I sensed that Tommas knew more than he was letting on, but decided I’d pressed my luck enough. “How old is Ilyas?”

“Nineteen.”

“He prays a lot,” I said, stroking the horse’s neck. “I always see him at the fire temple.”

“Yes, he’s very devout.” Tommas reached into his pocket and took something out. “A welcome gift,” he said, handing it to me.

I studied the wood carving in my hand, feeling pleased and slightly embarrassed.
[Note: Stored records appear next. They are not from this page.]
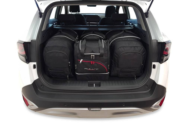 Torby wypełniają każdy centymetr kwadratowy bagażnika dzięki swoim ukośnym bokom dopasowanym do pochylenia tylnych foteli. To unikalna cecha toreb KJUST.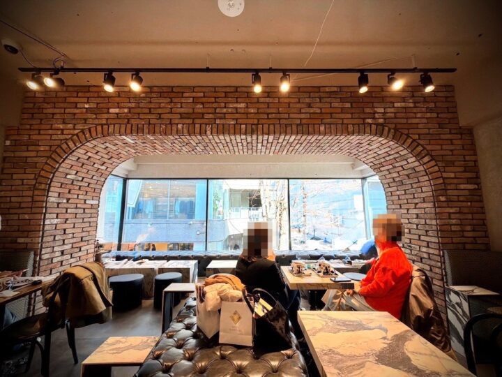 今回は2階のイートインスペースを利用しましたが、レンガ造りの大きなアーチが印象的な壁面、大理石調の重厚なテーブル、そして深い色合いのレザーソファ。
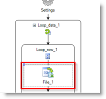 The purpose of this Loop Dataset is to generate a report for each order in the driving query. So, with the Loop Dataset activity still selected, click the Select to File activity in the Toolbox to add it to the Loop Dataset activity.

It was a fish, the scales and fins so detailed and lifelike I half-expected it to begin flopping around.

“Thank you,” I said. “You made this?”

He nodded. “Do you like it?”

“Very much.” I wished I could return the gesture, but my possessions were few. Then I remembered something I’d hastily packed the morning we left the Khusk range. “Wait here.” I ran next door to my room in the barracks and searched through the small goatskin bag I’d brought from home. When I returned, Tommas was sitting quietly on a bale of hay.
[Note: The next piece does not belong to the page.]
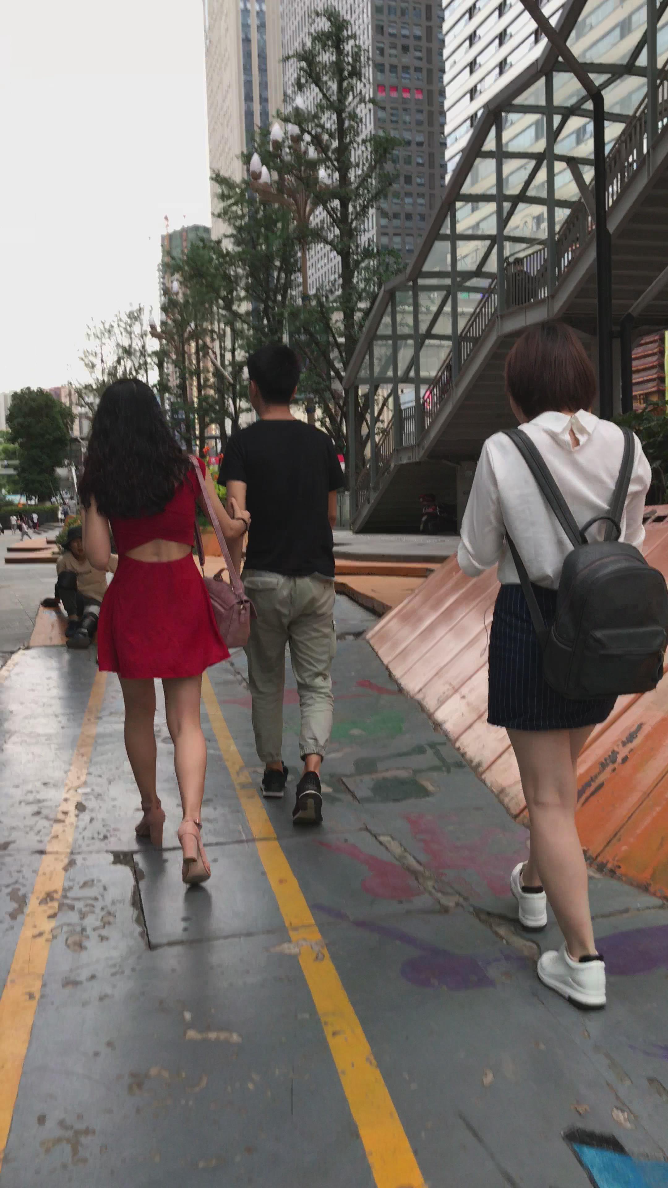 街拍红裙性感凉高跟美腿辣妹 编号2067

“It’s all right,” he said. “You don’t have to—”

“No, I want you to have it.” I offered my prize, and his eyes lit up.

“It’s the tail feather from a mountain eagle,” I said. “I found it on a ledge.”

Tommas’s slender fingers riffled the snowy white barbs, which faded to a darker brown at the tip.

“Air is my favorite element,” he said. “This is a treasure. Thank you.”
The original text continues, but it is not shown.